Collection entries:
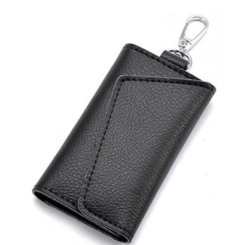 Comprar Portallaves Simple a la moda, Cartera de cuero genuino, cartera para llaves sólida Unisex, bolsa organizadora, cartera para ama de llaves de coche, tarjetero
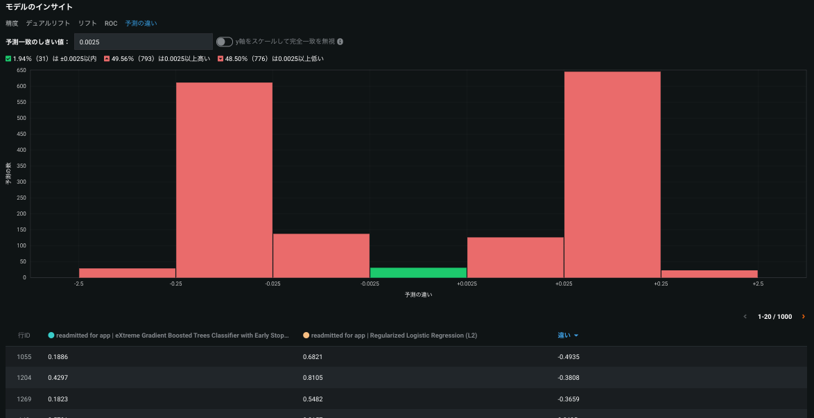 予測差分タブでは、行単位でモデルの予測を比較できます。
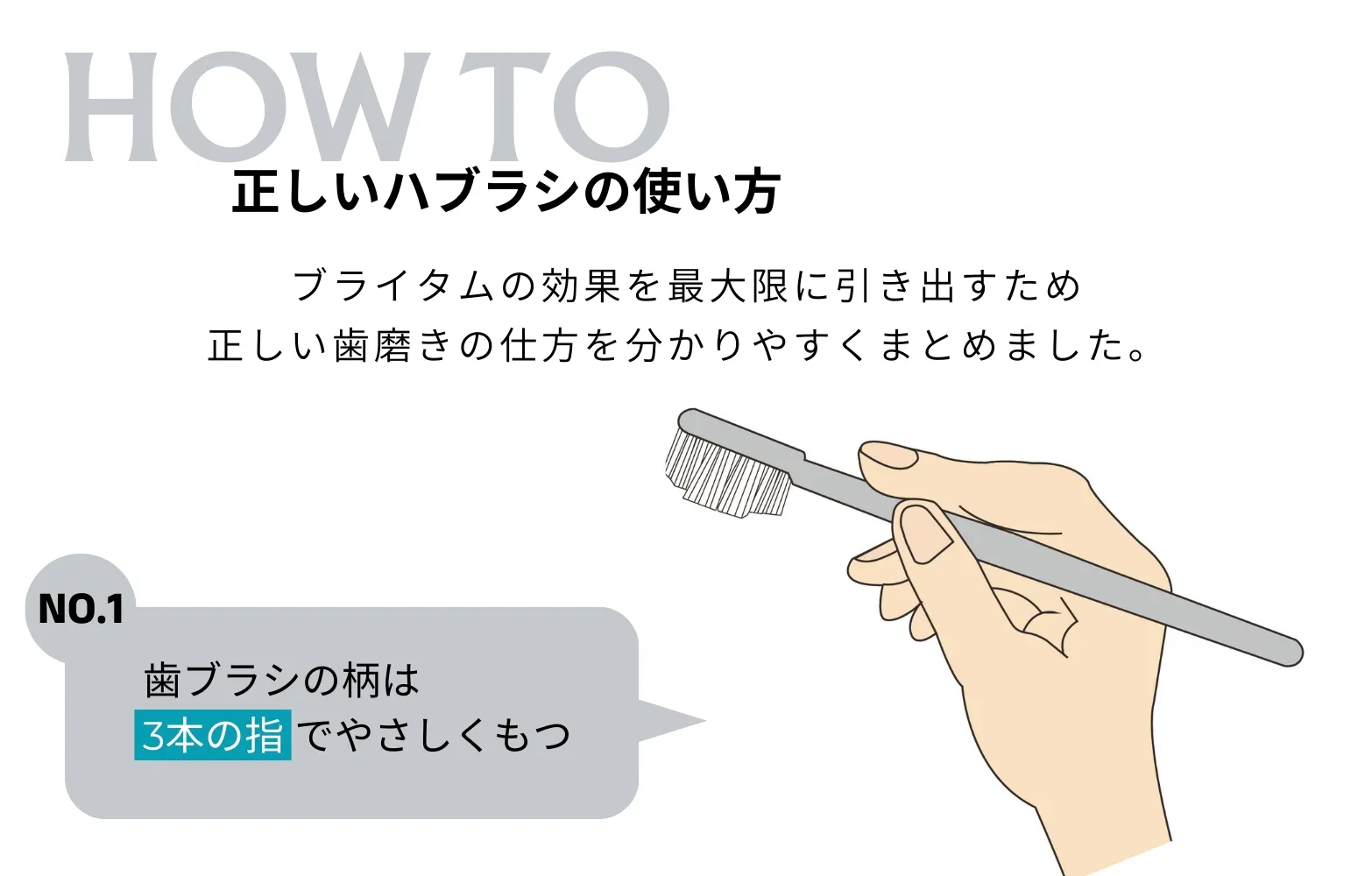 毎日の歯磨き時に『ブライタム』を使用してください。朝と夜、1日2回の使用でOKです。
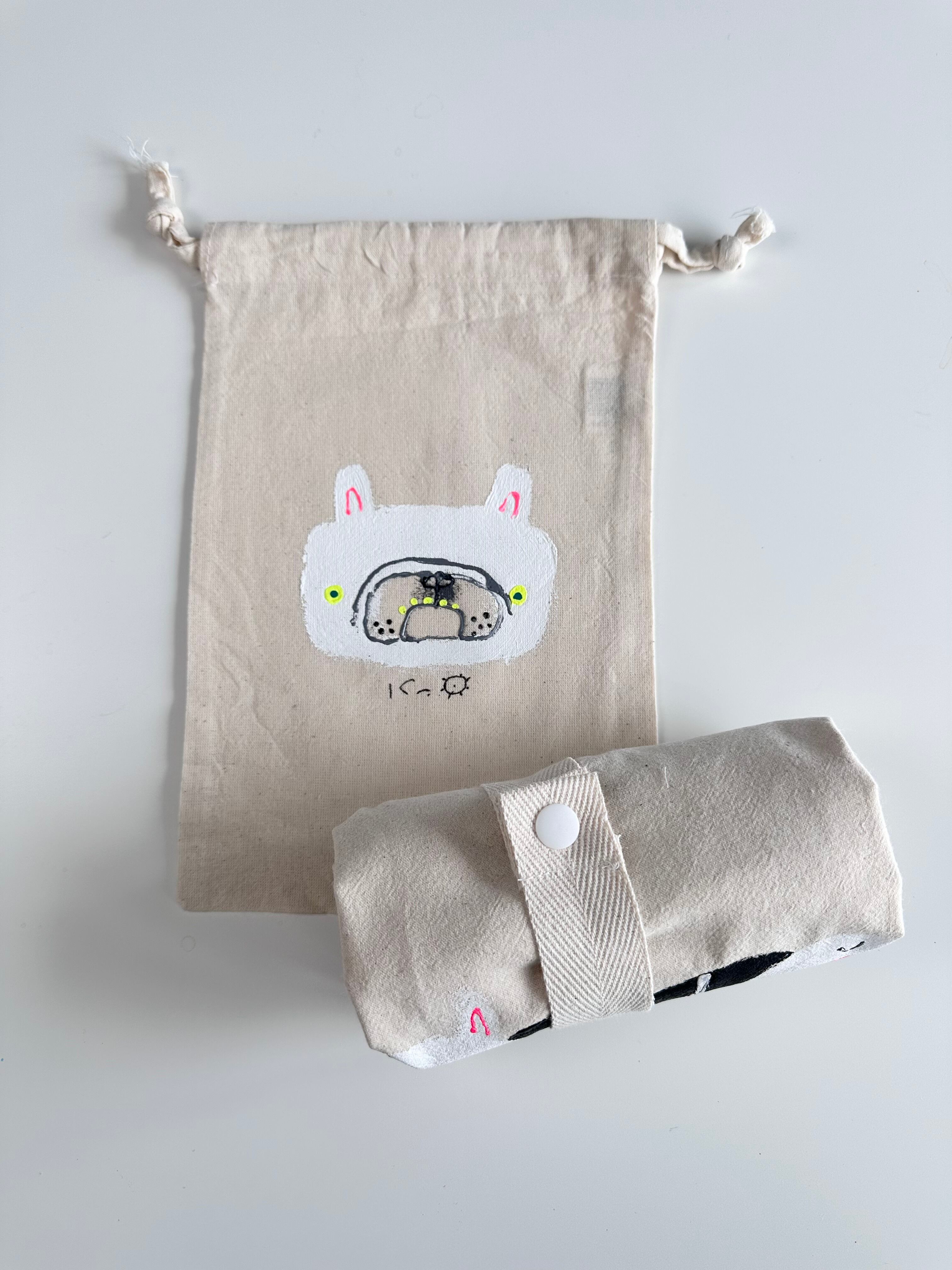 手描きのイラストが可愛いマルシェバッグSETです。巾着とマルシェバッグの2種類がセットになっているので、使い分けも出来ます。大きめのマルシェバッグは肩がけもでき、持ち手を結んで持ってもかわいい形です。くるくるまるめてスナップボタンでとめれば巾着に収納もできます。旅行やお買い物、アウトドアなど、様々な場面で活躍してくれます。
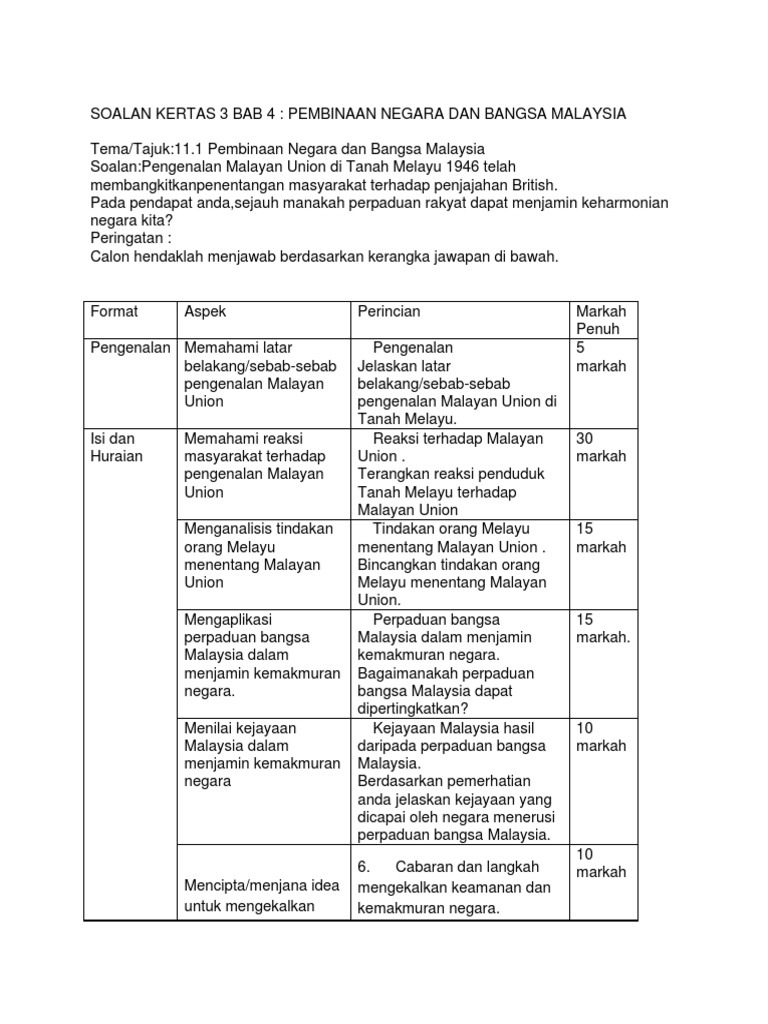 Malayan Union Tingkatan 5 Kertas 3. Calon hendaklah menjawab berdasarkan kerangka jawapan di bawah -. Salam cikgu saya nk skema kertas 3 tema 11 pembinaan negara dan bangsa msia tema 111.
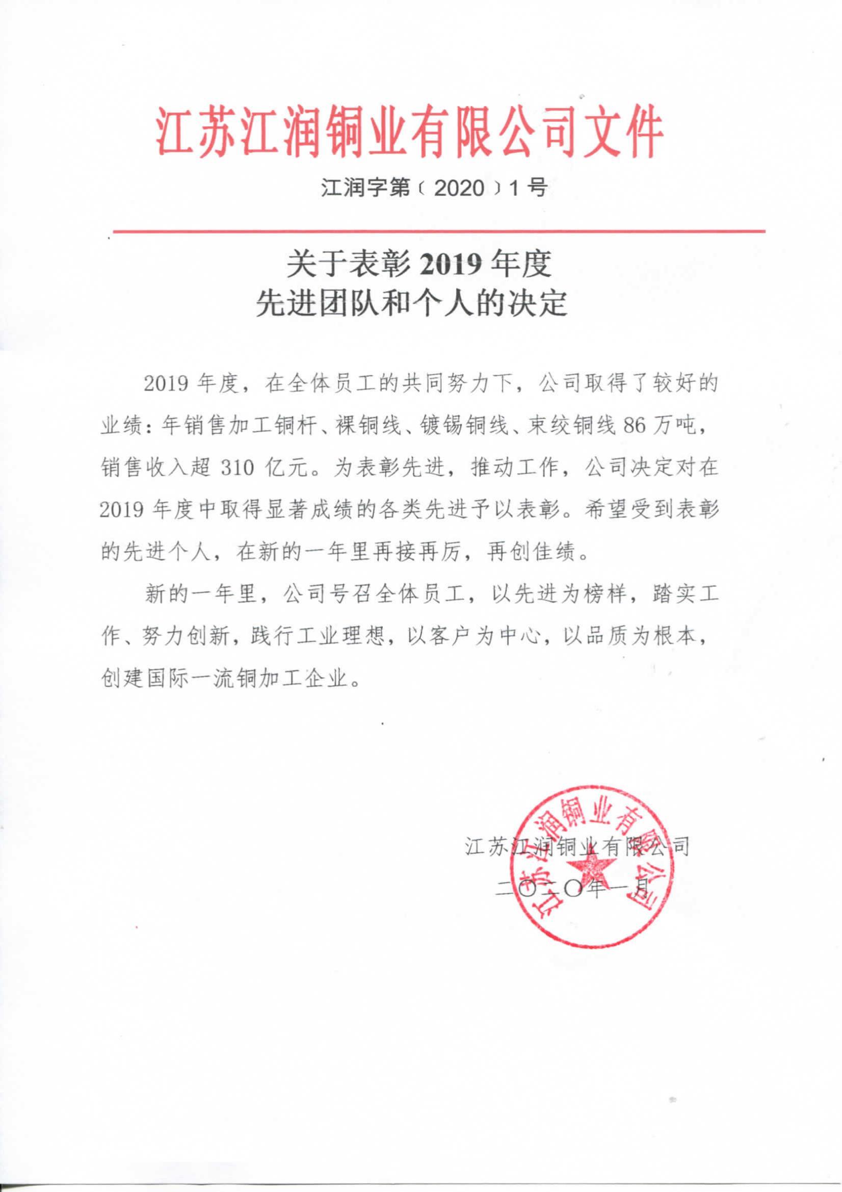 2019年度江潤銅業先進表彰
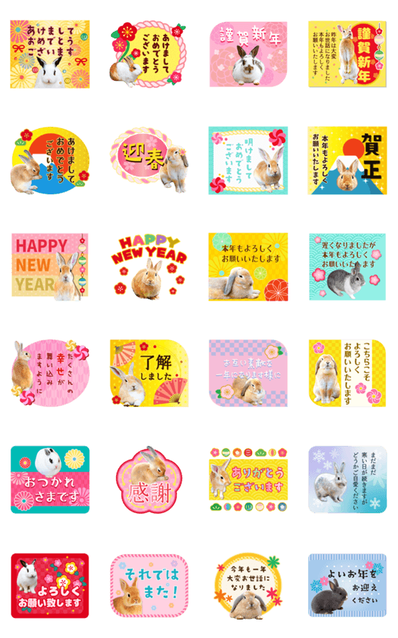 うさぎ写真のお正月・年賀スタンプ【再販】 -LINEスタンプマニア
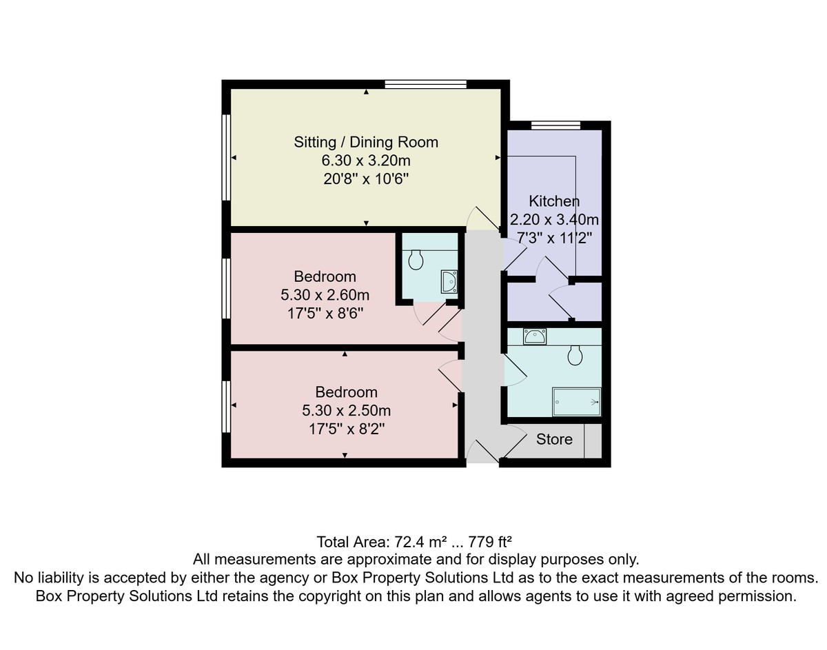 A beautifully presented two-bedroom first-floor apartment with the advantage of a garage and additional storeroom. The spacious accommodation comprises two double bedrooms, a light and airy living / dining room, a modern kitchen, shower room and en-suite WC. The apartment is presented to a good standard and has oak doors.
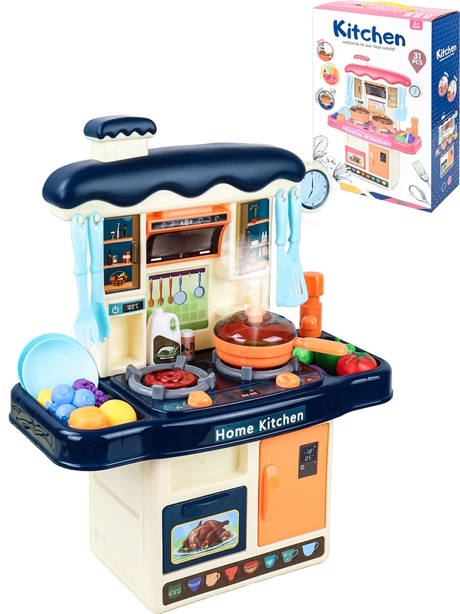Игровой модуль Кухня 43*15*35см 32 предмета свет звук пар вода на бат синий FCJ0887039
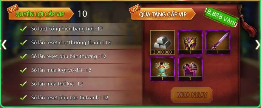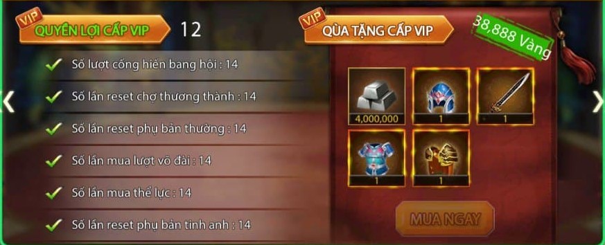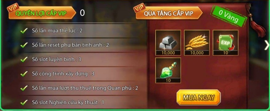 Khi Chúa Công tích nạp đủ mốc Vàng nhất định sẽ được tăng cấp VIP tương ứng kèm theo nhiều quyền lợi hấp dẫn dưới đây.
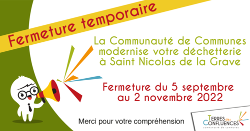 Fermeture de la déchetterie de St Nicolas de la Grave du 5 sept. au 1er nov. inclus.
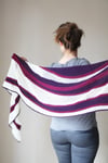 Garter sections take turns with mesh in this eye-catching shawl, which is knit down and out from the center using short rows to add an asymmetrical touch.
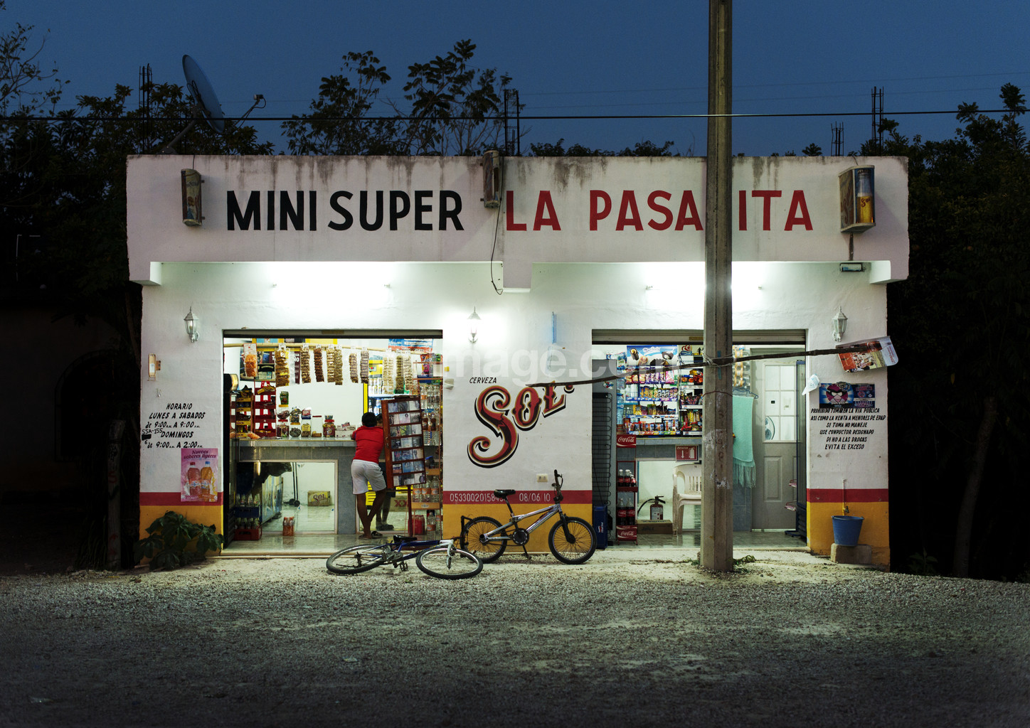 - mexico, sun, beer, cycle, boy, mexicans, mexican, post, night, sky, lighting, lamp, dish, satellite, antenna, store, business, exotic, fluorescent, green, yellow, red, blue, white, alone, buyer, buy, goods, sales, local, road, single, cable, snack, fast food, coke, coke, street
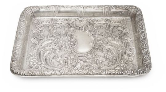 of rectangular form, shaped rim and high sides, all-over repoussé foliate scrollwork decoration, blank cartouche
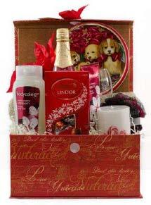 Red Verbena Christmas Basket Includes luxurious body care products, towel and loofah, large pillar candle, gourmet chocolate, holiday cookie tin, bottle of cider and wine goblets in a decorative hat box!
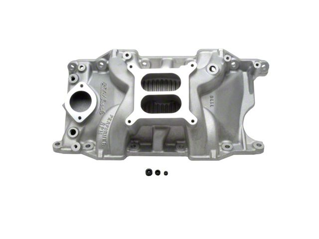 Edelbrock part 7176 Performer RPM intake manifold is designed for 340-360 c.i.d. Chrysler V8s and 318 c.i.d. engines with 340-360 cylinder heads. Latest technology in dual-plane design results in both excellent low-rpm torque and outstanding high rpm horsepower. Recommended for high-performance street, strip and fresh water marine applications. Accepts 1975 and earlier waterneck only. Will not accept stock Thermo-Quad carburetor. Will not fit 1992 and later Magnum engines. Match with Performer RPM heads 60779 for maximum performance.

- [EXERCISE PROMPT]
Leaving out the pictures, please output the lines in the entries above from the one with "Malayan Union Tingkatan" through the one with "Khi Chúa Công", exactly as they are.

- [RESULT OF THE EXERCISE]
 Malayan Union Tingkatan 5 Kertas 3. Calon hendaklah menjawab berdasarkan kerangka jawapan di bawah -. Salam cikgu saya nk skema kertas 3 tema 11 pembinaan negara dan bangsa msia tema 111.
 2019年度江潤銅業先進表彰
 うさぎ写真のお正月・年賀スタンプ【再販】 -LINEスタンプマニア
 A beautifully presented two-bedroom first-floor apartment with the advantage of a garage and additional storeroom. The spacious accommodation comprises two double bedrooms, a light and airy living / dining room, a modern kitchen, shower room and en-suite WC. The apartment is presented to a good standard and has oak doors.
Игровой модуль Кухня 43*15*35см 32 предмета свет звук пар вода на бат синий FCJ0887039
 Khi Chúa Công tích nạp đủ mốc Vàng nhất định sẽ được tăng cấp VIP tương ứng kèm theo nhiều quyền lợi hấp dẫn dưới đây.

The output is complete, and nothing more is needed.